Michael Bloomberg first ran for mayor promising to do wonderful things for the city’s schoolchildren. He persuaded the state Legislature to give him mayoral control of the school system by promising to do wonderful things for the city’s schoolchildren. Periodically he and his schools chancellor have held press conferences and pointed to the latest high-stakes test scores or graduation rates as proof of what wonderful things he has done for the city’s schoolchildren.

Well …

We’ll put off for now an evaluation of the mayor’s legacy. Instead, we have been fighting him all of 2008 for what he could have done for the city’s schoolchildren — but has not. That is to fulfill the promise made last year as part of the Campaign for Fiscal Equity lawsuit settlement to increase funding for the schools. The state Legislature and the governor fulfilled that promise and then some by increasing funding to city schools by $600 million this year, even though the state has genuine budget troubles. The city has a $4.5 billion surplus — or more, depending on who’s counting.

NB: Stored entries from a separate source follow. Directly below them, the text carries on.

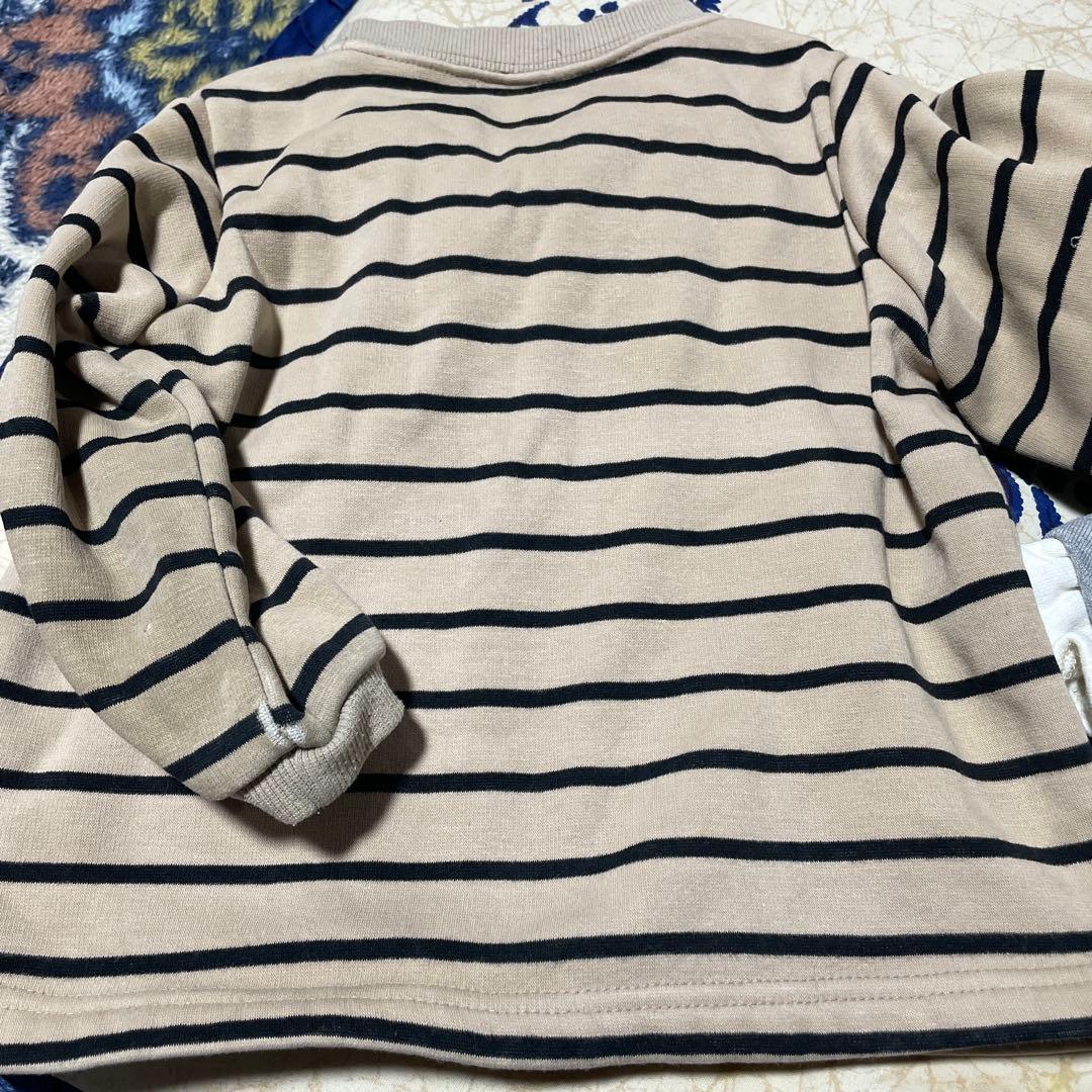 ストライプ柄/猫のイラスト裾がフリルのトレーナー/柔らかい素材のデニム
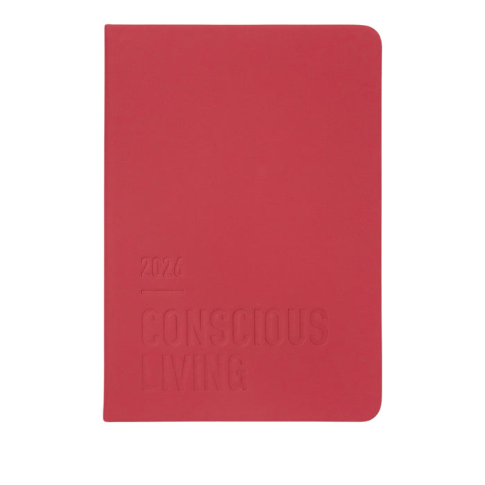 Letts of London Diary Conscious A5 Week to View in Berry. Live an organised life with a touch of nature! Our Conscious Collection now features new, nature-inspired Berry - drawing from the serene beauty of mountains and lakes. Crafted with sustainability in mind, these rich colours bring a grounded elegance to your planning, perfect for those who care about both style and the planet. Timeless diary style - NEW Multilanguage Recycled white paper Fountain pen friendly paper - NEW Covers made with recycled polyester from PET bottles Printed with soy ink Vegan glue Semi-flexible cover with embossed motif Ribbon page marker Products compatible with the Letts of London Reminder App Compatible with the Letts of London Reminder App
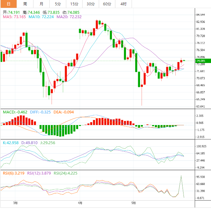 阻力位:74.45 75.15 76.53
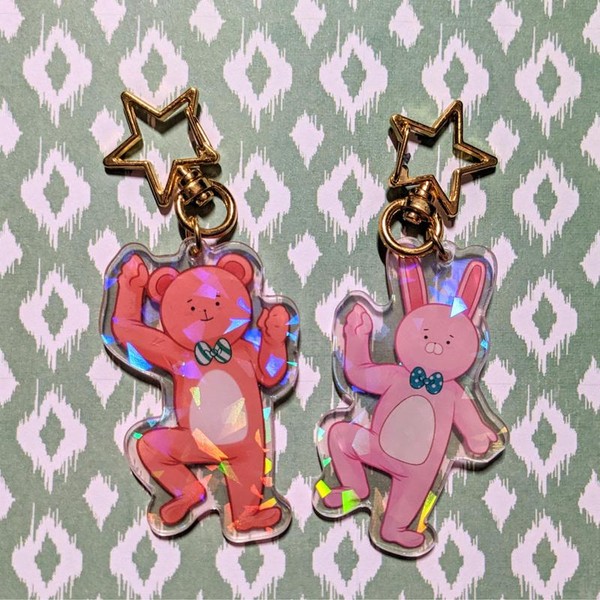 Add a touch of cuteness to your everyday outfits with the Uramichi Onii-san Acrylic Charms – perfect for fans of the popular anime series. Each pack contains one double-sided 2.5" charm featuring either Usahara or Kumatani, made from durable and lightweight acrylic material.
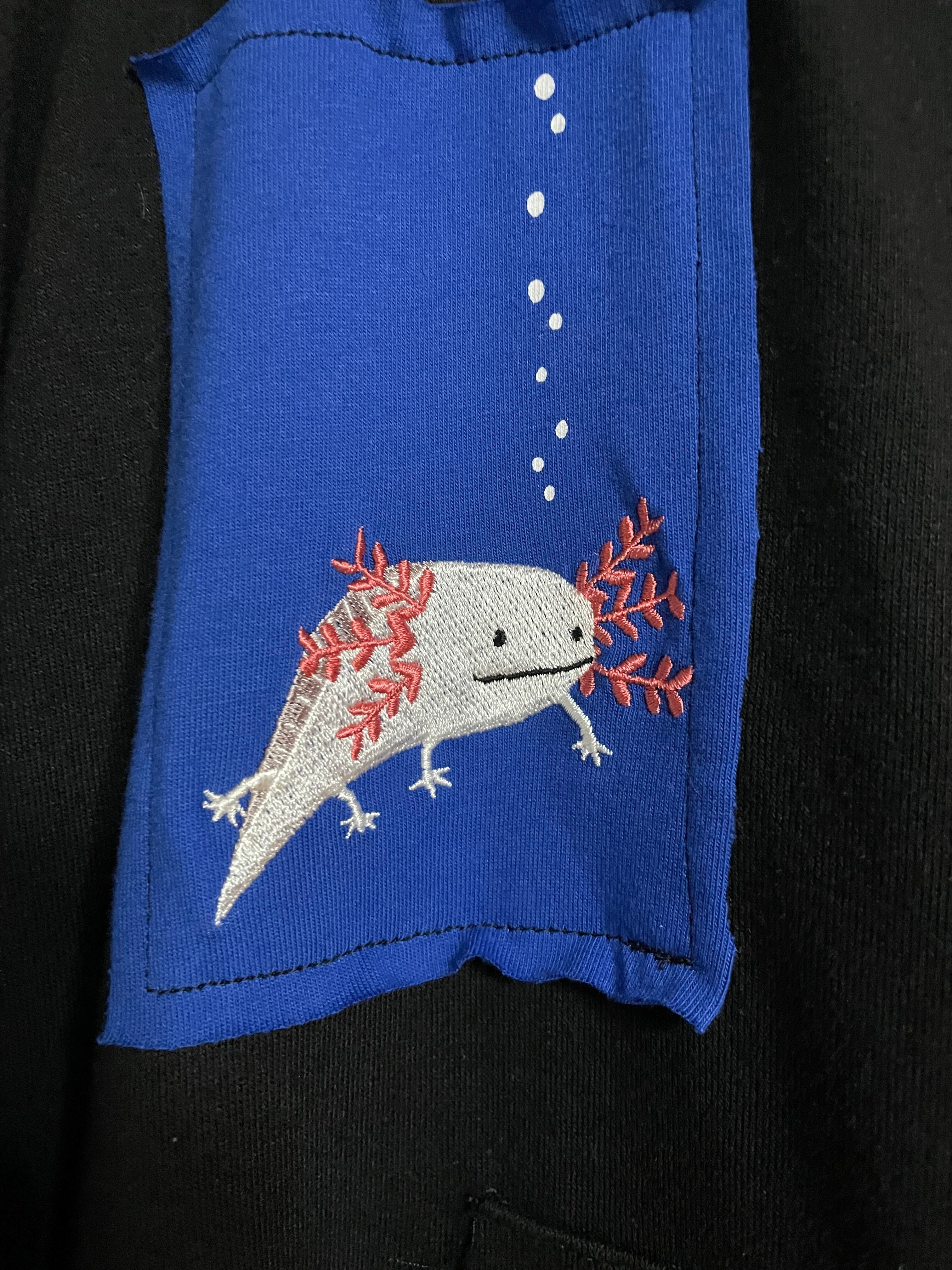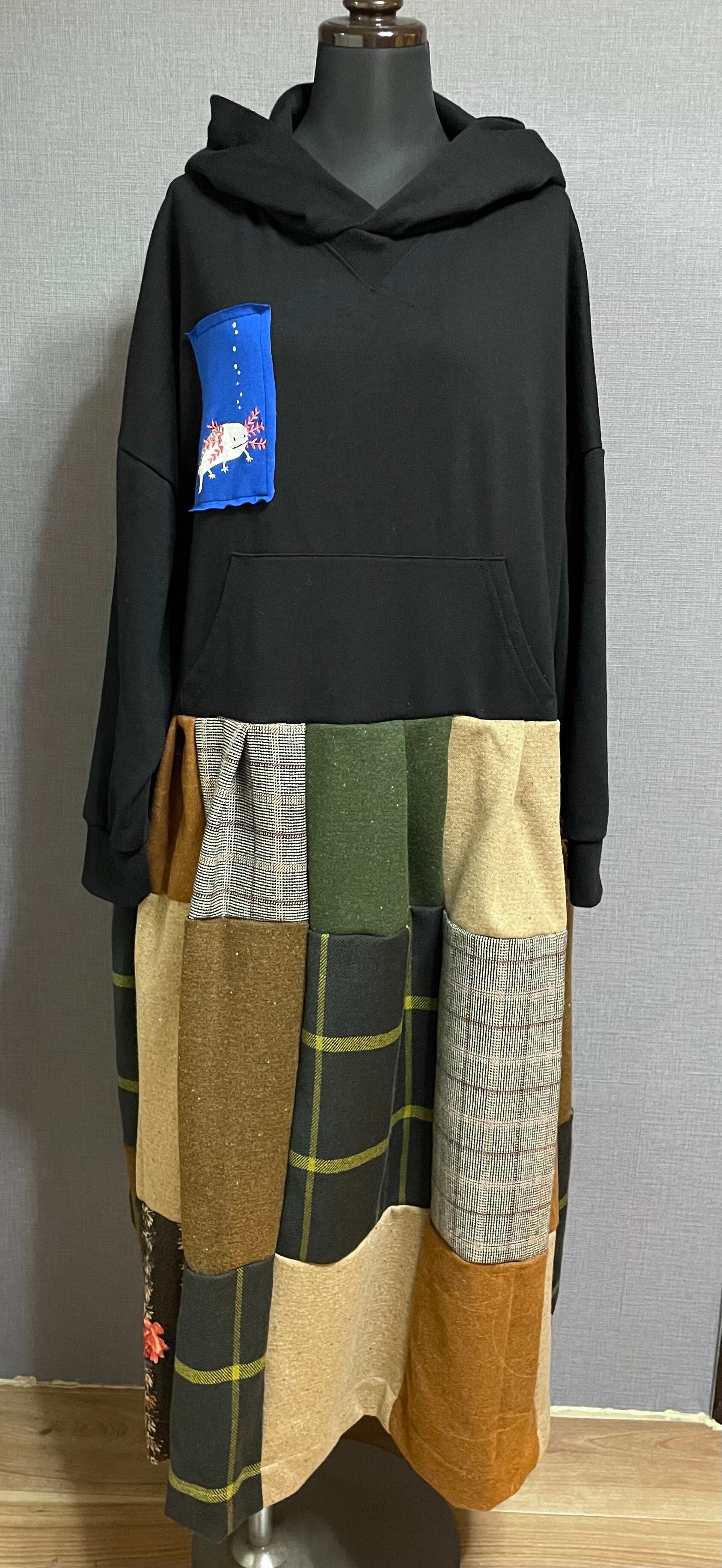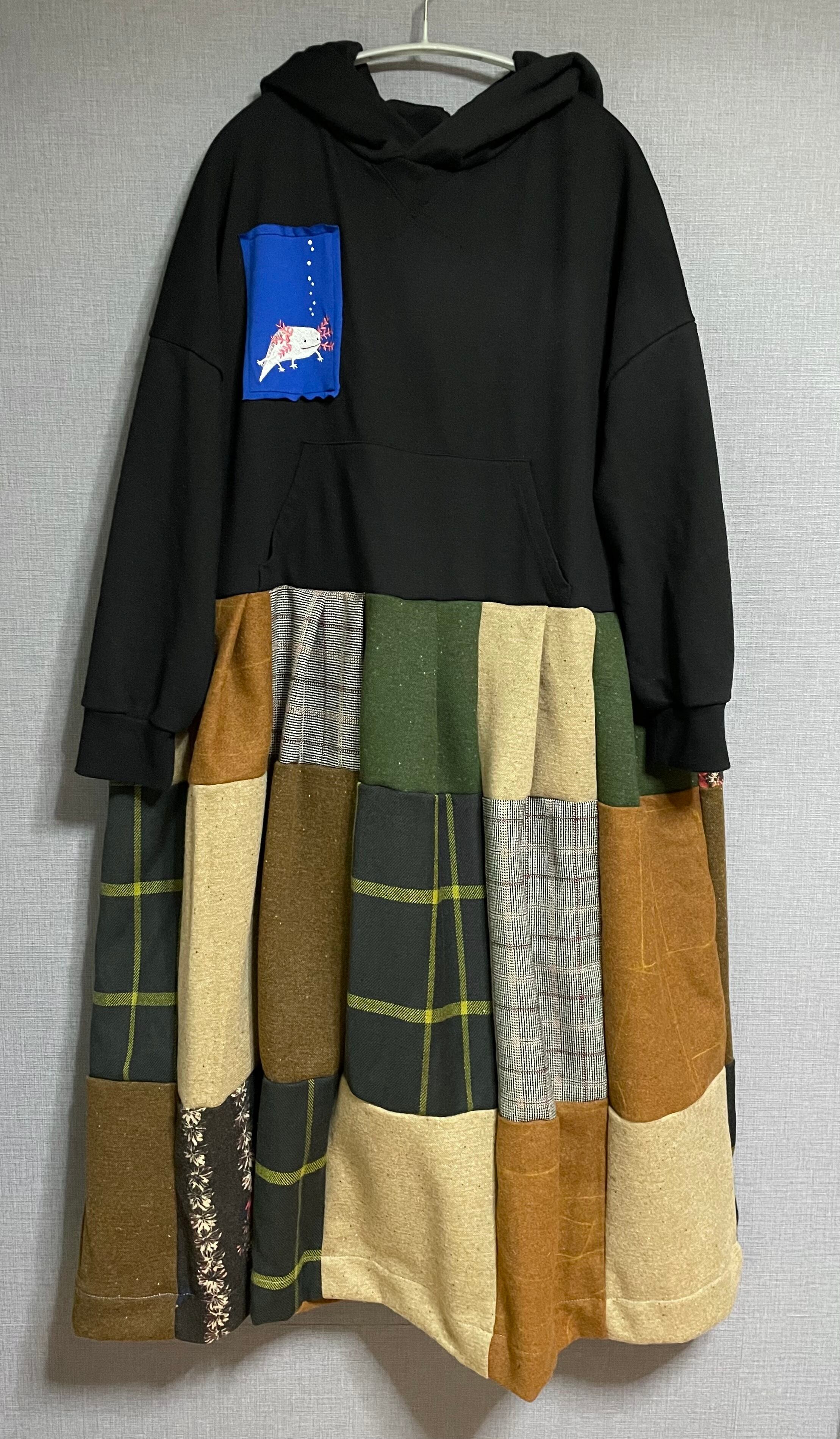 黒パーカーに可愛いウーパールーパーを縫いつけ、いろんな生地をパッチワークしたスカートを合わせています♬

The mayor, by contrast, is giving $450 million less in education funding in his executive budget than he and the City Council promised only last year. If this January’s midterm cuts are any indication, most of that will come out of school budgets, not Tweed’s. Just another wonderful thing for the city’s schoolchildren.

So now it’s up to the City Council. Education Committee Chair Robert Jackson said that he would vote against the budget unless all or most of the school cuts are restored. Councilman Bill de Blasio has offered a resolution to restore most of the cuts — including this year’s midyear cuts — and has 44 co-signers. We urge the rest of the Council to follow suit.

There may be some irony if it takes the City Council to salvage the mayor’s legacy, but never mind: if it forces the mayor to reverse course and keep his promises, the Council will really be doing something wonderful for the city’s schoolchildren.